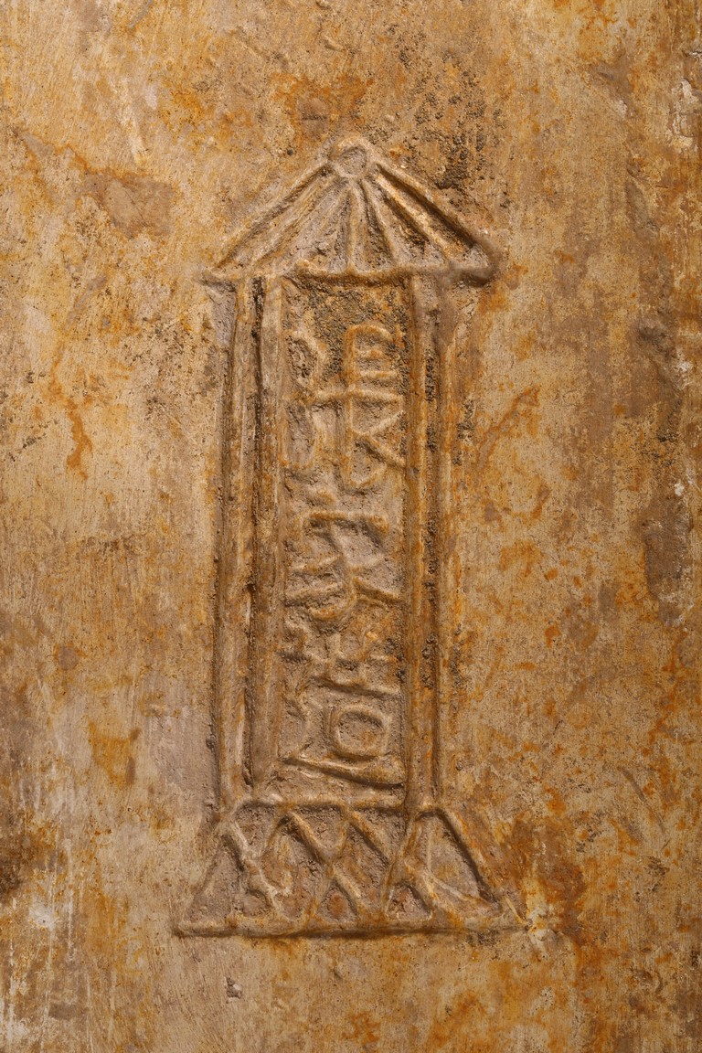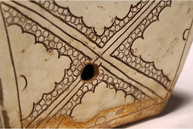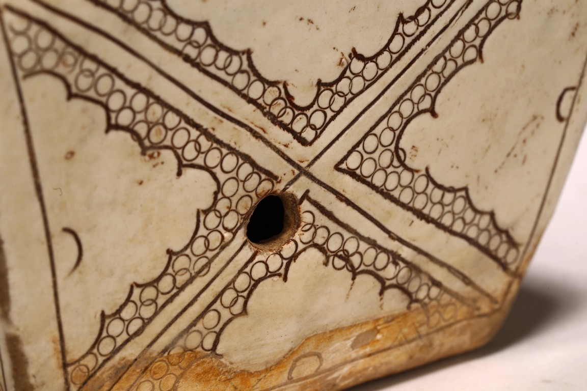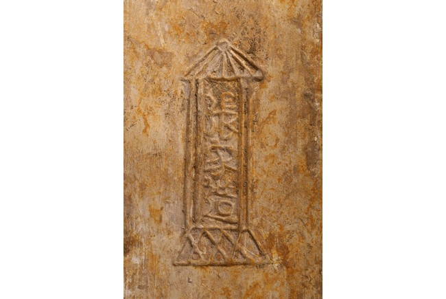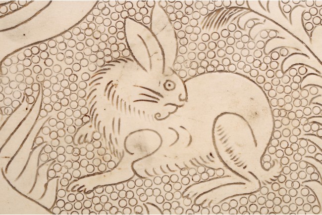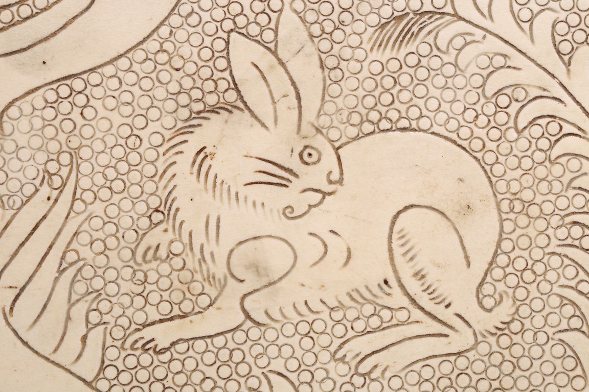 Song Dynasty period. Of tapered rectangular shape, the sloping top finely carved in a brown slip with a rabbit with head sharply turning back, the sides further decorated with large flower heads and leafy branches, the unglazed base impressed with a three character mark.
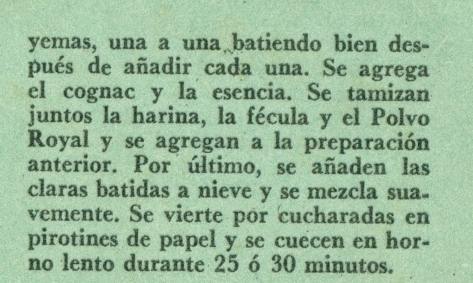 Añadir la harina tamizada con la levadura mezclando bien. Por último batir las claras a nieve e incorporarlas a la mezcla con movimientos envolventes. Colocar la masa en las cápsulas y cocinar en horno a 180º durante 20 minutos aproximadamente. Recuerden que cocino en un horno a gas, con calor sólo de abajo y en la rejilla central.
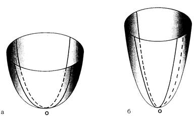 а — неглубокая (ме./кая) яма; образование флуктуации приводит к “расплескиванию” и нарушению аттрактора; б — глубокая яма: эффект расплескивания “гасится” притягивающей: силой це.ш (на примере гравитации). О — точка единения траектории.
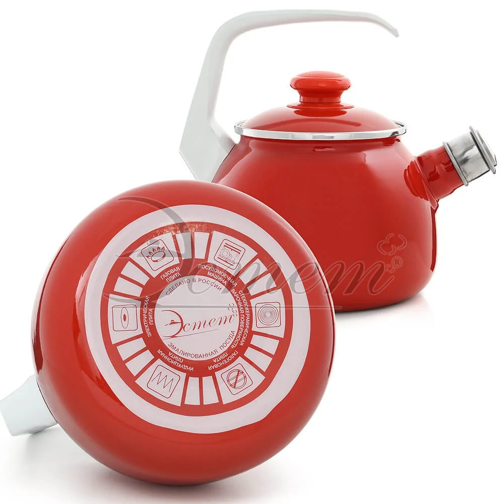 Чайник Эстет изготовлен из высококачественного стального проката и покрыта стеклокерамической эмалью. Внутри и снаружи - трехслойное глянцевое эмалированное покрытие. Эмалевое покрытие, являясь стекольной массой, не вызывает аллергию и надежно защищает пищу от контакта с металлом. Кроме того, такое покрытие долговечно, оно устойчиво к механическому воздействию, не царапается и не "сходит", а стальная основа практически не подвержена механической деформации, благодаря чему срок эксплуатации увеличивается. Крышка с эмалированным покрытием оснащена удобной ручкой. Подходит для всех типов плит, включая индукционные. Можно мыть в посудомоечной машине.
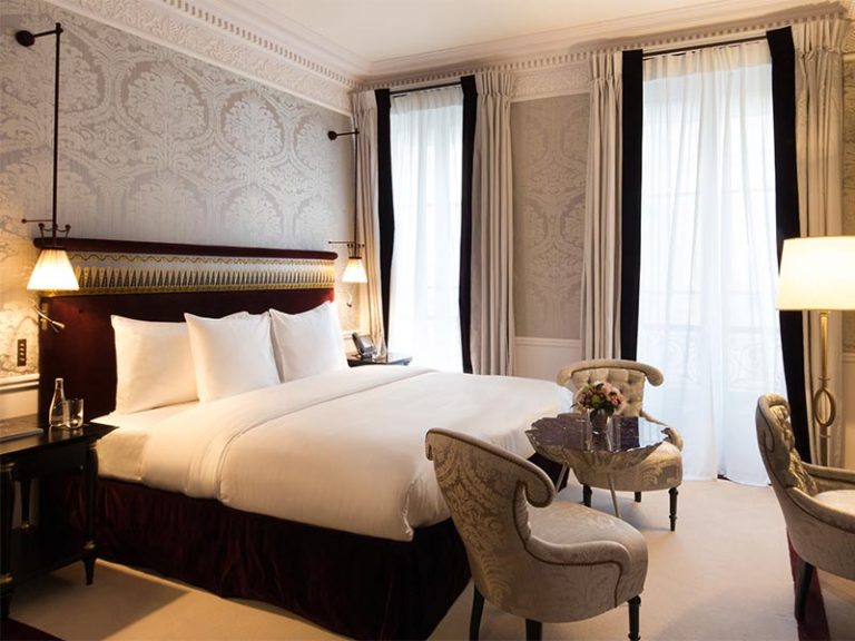 Le raffinement du Paris de la Belle Epoque se dévoile avec talent dans cette chambre de 45 m² avec vue sur le patio verdoyant. Teintes pastel ou plus soutenues, parquet en point de Hongrie, tissus de Damas chatoyants, l’atmosphère est lumineuse et se module le soir venu selon les désirs grâce à la tablette interactive. La salle de bains, spacieuse, tout en marbre de Carrare, dispose d’une double vasque, d’une baignoire ainsi que d’une douche à l’italienne.
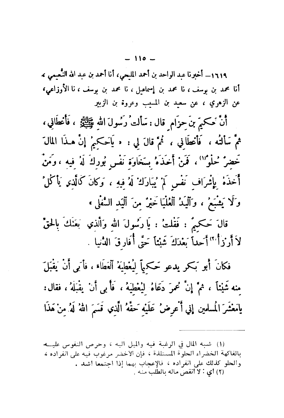 1619 - أَخْبَرَنَا عَبْدُ الْوَاحِدِ بْنُ أَحْمَدَ الْمَلِيحِيُّ، أَنا أَحْمَدُ بْنُ عَبْدِ اللَّهِ النُّعَيْمِيُّ، أَنا مُحَمَّدُ بْنُ يُوسُفَ، نَا مُحَمَّدُ بْنُ إِسْمَاعِيلَ، نَا مُحَمَّدُ بْنُ يُوسُفَ، نَا الْأَوْزَاعِيُّ، عَنِ الزُّهْرِيِّ، عَنْ سَعِيدِ بْنِ الْمُسَيِّبِ، وَعُرْوَةَ بْنِ الزُّبَيْرِ، أنَّ حَكِيمَ بْنَ حِزَامٍ، قَالَ: سَأَلْتُ رَسُولَ اللَّهِ صَلَّى اللهُ عَلَيْهِ وَسَلَّمَ، فَأَعْطَانِي، ثُمَّ سَأَلْتُهُ، فَأَعْطَانِي، ثُمَّ قَالَ لِي: «يَا حَكِيمُ، إِنَّ هَذَا الْمَالَ خَضِرٌ حُلْوٌ، فَمَنْ أَخَذَهُ بِسَخَاوَةِ نَفْسٍ بُورِكَ لَهُ فِيهِ، وَمَنْ أَخَذَهُ بِإِشْرَافِ نَفْسٍ لَمْ يُبَارَكْ لَهُ فِيهِ، وَكَانَ كَالَّذِي يَأْكُلُ وَلا يَشْبَعُ، وَالْيَدُ الْعُلْيَا خَيْرٌ مِنَ الْيَدِ السُّفْلَى».
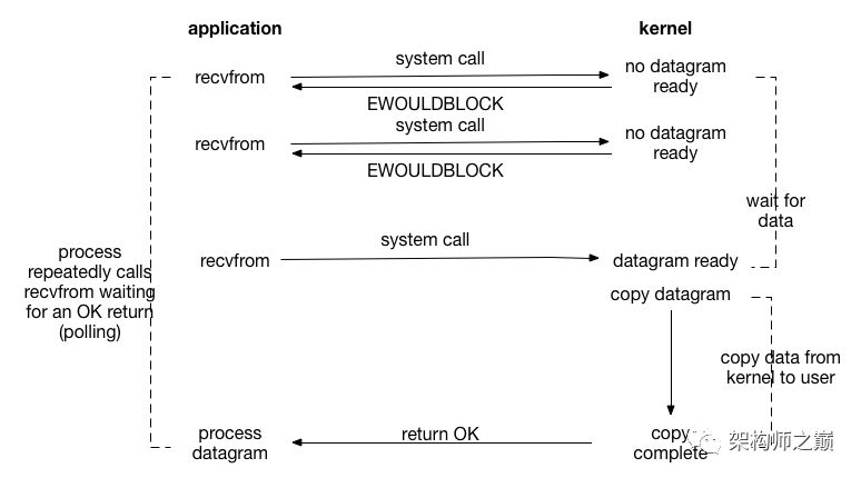 这种方式在编程中对socket设置O_NONBLOCK即可。但此方式仅仅针对网络IO有效,对磁盘IO并没有作用。因为本地文件IO就没有被认为是阻塞,我们所说的网络IO的阻塞是因为网路IO有无限阻塞的可能,而本地文件除非是被锁住,否则是不可能无限阻塞的,因此只有锁这种情况下,O_NONBLOCK才会有作用。而且,磁盘IO时要么数据在内核缓冲区中直接可以返回,要么需要调用物理设备去读取,这时候进程的其他工作都需要等待。因此,后续的IO复用和信号驱动IO对文件IO也是没有意义的。

» **EXERCISE GOAL**
Your answer must be the exact lines from the records above, from the one containing "а — неглубокая" through the one containing "Le raffinement du", both included, with every picture left out.

» **SOLUTION TO THE PROBLEM**
 а — неглубокая (ме./кая) яма; образование флуктуации приводит к “расплескиванию” и нарушению аттрактора; б — глубокая яма: эффект расплескивания “гасится” притягивающей: силой це.ш (на примере гравитации). О — точка единения траектории.
 Чайник Эстет изготовлен из высококачественного стального проката и покрыта стеклокерамической эмалью. Внутри и снаружи - трехслойное глянцевое эмалированное покрытие. Эмалевое покрытие, являясь стекольной массой, не вызывает аллергию и надежно защищает пищу от контакта с металлом. Кроме того, такое покрытие долговечно, оно устойчиво к механическому воздействию, не царапается и не "сходит", а стальная основа практически не подвержена механической деформации, благодаря чему срок эксплуатации увеличивается. Крышка с эмалированным покрытием оснащена удобной ручкой. Подходит для всех типов плит, включая индукционные. Можно мыть в посудомоечной машине.
 Le raffinement du Paris de la Belle Epoque se dévoile avec talent dans cette chambre de 45 m² avec vue sur le patio verdoyant. Teintes pastel ou plus soutenues, parquet en point de Hongrie, tissus de Damas chatoyants, l’atmosphère est lumineuse et se module le soir venu selon les désirs grâce à la tablette interactive. La salle de bains, spacieuse, tout en marbre de Carrare, dispose d’une double vasque, d’une baignoire ainsi que d’une douche à l’italienne.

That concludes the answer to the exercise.